Anchorage lawmaker says proposed police reform legislation needs to move forward
ANCHORAGE, Alaska (KTUU) - Motivated by police killings and protests against police brutality across the state and country in the summer of 2020, an Anchorage lawmaker sponsored a legislation package aimed at improving public safety policy in Alaska.
Sen. Elvi Gray-Jackson (D-Anchorage) has filed six bills under the package she calls Turning Pain Into Progress (TPIP).
“Most of them have been heard in at least one committee, so I’m looking forward to next session,” she said during an interview on Friday. “At least one or two or three, maybe all, will make it through the finish line, so to speak.”
According to a January news release about the proposed legislation, the six measures would accomplish the following goals:
- Ban the use of chokeholds
- Require de-escalation procedures and provides a duty to intervene by officers that observe other officers violating practice standards
- Require a peace officer to exhaust all possible alternatives and provide an oral warning before discharging a firearm
- Ban shooting at moving vehicles
- Require comprehensive reporting by officers each time they use or threaten to use force, establish a “use of force database” for Alaska Department of Public Safety, Alaska Department of Corrections, municipal officers, and municipal correctional officers, and require those agencies to search the database before employing a new peace officer
- Require the Department of Public Safety to publish certain policies and procedures on their website
Gray-Jackson said she sought input from several groups when crafting the bills, including the National Organization of Black Law Enforcement Executives, Anchorage Police Department Employees Association, Anchorage Police Department and the Public Safety Employees Association. Minority leader Sen. Tom Begich (D-Anchorage) is a cosponsor on the bills.
She also said she was inspired in part to bring the bills forward by the national policing reform campaign 8 Can’t Wait, which advocates police departments across the country implement certain policies in an effort to reduce the number of police killings nationwide.
While the change has not been immediate, she said progress is being made, pointing to the recent success in a several-year effort to outfit Anchorage Police Department officers with body cameras.
“I’m glad our public realized that it was important and approved that bond that it was part of, and then my bills are, if you will, part two of making change in our community in terms of public safety policy change,” said Gray-Jackson.
She urged citizens to weigh in on the bills through public testimony during future hearings.
“If you want to see change in our community, it’s important that you participate because it isn’t going to happen on its own, and it isn’t going to happen just with me bringing bills forward.
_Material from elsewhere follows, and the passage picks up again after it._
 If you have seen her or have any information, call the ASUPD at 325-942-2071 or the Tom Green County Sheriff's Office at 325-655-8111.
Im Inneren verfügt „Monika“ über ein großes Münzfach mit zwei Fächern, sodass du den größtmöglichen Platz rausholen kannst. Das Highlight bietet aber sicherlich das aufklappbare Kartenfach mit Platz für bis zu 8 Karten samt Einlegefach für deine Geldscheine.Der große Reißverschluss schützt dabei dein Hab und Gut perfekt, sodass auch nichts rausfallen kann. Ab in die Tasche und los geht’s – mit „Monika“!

It’s a community effort,” Gray-Jackson said.
Currently, there is no proposed legislation to make complaints against police officers or law enforcement disciplinary records — both protected as confidential under Alaska law — accessible to the public.
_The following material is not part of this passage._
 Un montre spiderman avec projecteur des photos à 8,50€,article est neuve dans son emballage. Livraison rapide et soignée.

When asked if that is something she is interested in changing, Gray-Jackson said she’s taking her police reform efforts “one step at a time.”
“I want to do everything I can because this is just not about our citizens, it’s also about our public safety officers,” she said. “I want to protect both of them. That’s what this is all about. It’s not a one-sided package of bills. You know, it’s inclusive, turning pain into progress for everybody.”